Fighting a red-hot job market, the IRS struggles to rebuild - LIsa Rein, Washington Post ($).

The paper takes a mind-numbing path from room to room to be sorted, retyped and filed, sometimes with a stop at a team devoted to discovering errors. They’re not all that rare: The error rate for paper returns was 22 percent last year, according to the Taxpayer Advocate Service. Along the way, a paper return is touched by humans at least a dozen times.

All of these paper returns — which make up 10 percent of the IRS’s work, with the rest electronic filings — are marked with ink and old-fashioned rubber stamps to give them locator numbers before they go into storage. Just one company is still in business to service the stamps, which must be advanced to the next day with a wooden stylus.

This article, and the Wall Street Journal piece we linked yesterday, should cure any delusions of adequacy with respect to IRS processes. There are people there who actually are paid to circle numbers in red ink for others to manually punch into computer terminals. 

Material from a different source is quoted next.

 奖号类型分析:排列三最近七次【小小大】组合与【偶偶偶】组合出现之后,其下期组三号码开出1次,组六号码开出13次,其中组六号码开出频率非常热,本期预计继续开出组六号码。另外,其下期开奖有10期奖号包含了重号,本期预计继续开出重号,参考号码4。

Nothing in the article inspires confidence in the IRS Commissioner's pledge to cure the agency's multi-million item backlog of unprocessed returns.

 

Remote Work Complicates Employer Tax Compliance, Pressures States to Revise Rules - Paul Jones, TaxNotes ($):

Employers will also have to deal with additional state and local withholding obligations resulting from employees telecommuting from different jurisdictions. Businesses need to comply with each jurisdiction’s withholding rules; failure to do so potentially exposes employers to liability and penalties. 

...

Complicating the situation for some employers, five states have rules similar to convenience of the employer rules that can require businesses operating there to withhold tax on the income of their employees when they work out of state instead of in their in-state office. If the state’s rule deems the remote work arrangement to be for the employee’s convenience rather than the employer's necessity, the state says that its tax applies to the employee’s income earned while working outside the state. Experts said convenience of the employer rules — which have long been controversial — could face greater opposition from other states as the trend of teleworking continues and so-called “convenience states” seek to tax work performed out of state by telecommuting employees. 

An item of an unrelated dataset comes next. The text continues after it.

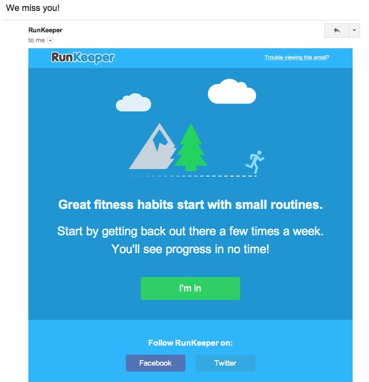 With this polite, informative email, RunKeeper tries to re-engage users who have stopped using their services. The content focuses on convincing recipients to give their app one more chance by highlighting its latest upgrades and features. It also informs its audience about the perks that they may not have been aware of when they last accessed the software. It succeeds because minor details make the material feel more friendly and organic.

How Remote Work Can Help Boost Rural Communities - Jody Padar, Bloomberg. "An influx of remote workers could certainly be a cultural change for a rural community, but there are serious reasons to be optimistic. Whether you’re a CPA, lawyer, bartender, or an engaged member of a rural community, this trend will likely bring new opportunities and positive impact directly to you."

 

DC Allows Pass-Through Entity Credit - Asha Glover, Law360 Tax Authority ($). "The District of Columbia provides a credit for pass-through entity taxes paid to other jurisdictions, according to guidance released by the district's tax office."

Related: Could Minnesota’s New Pass-Through Entity Tax Benefit Your S Corporation or Partnership?

 

Zero Prospect US Will Ratify Global Tax Deal, Atty Says - Kevin Pinner, Law360 Tax Authority ($):

President Joe Biden's administration has proposed overriding existing tax treaties to implement the OECD's global tax deal because the Senate will not ratify it, Dan Neidle, partner at Clifford Chance LLP, told the conference at University of Oxford's Saïd Business School. Neidle suggested key European power brokers of the global tax deal are ignoring the practical issues surrounding implementation, which the OECD's top tax official, Pascal Saint-Amans, confirmed Monday would require treaty changes to fully enact.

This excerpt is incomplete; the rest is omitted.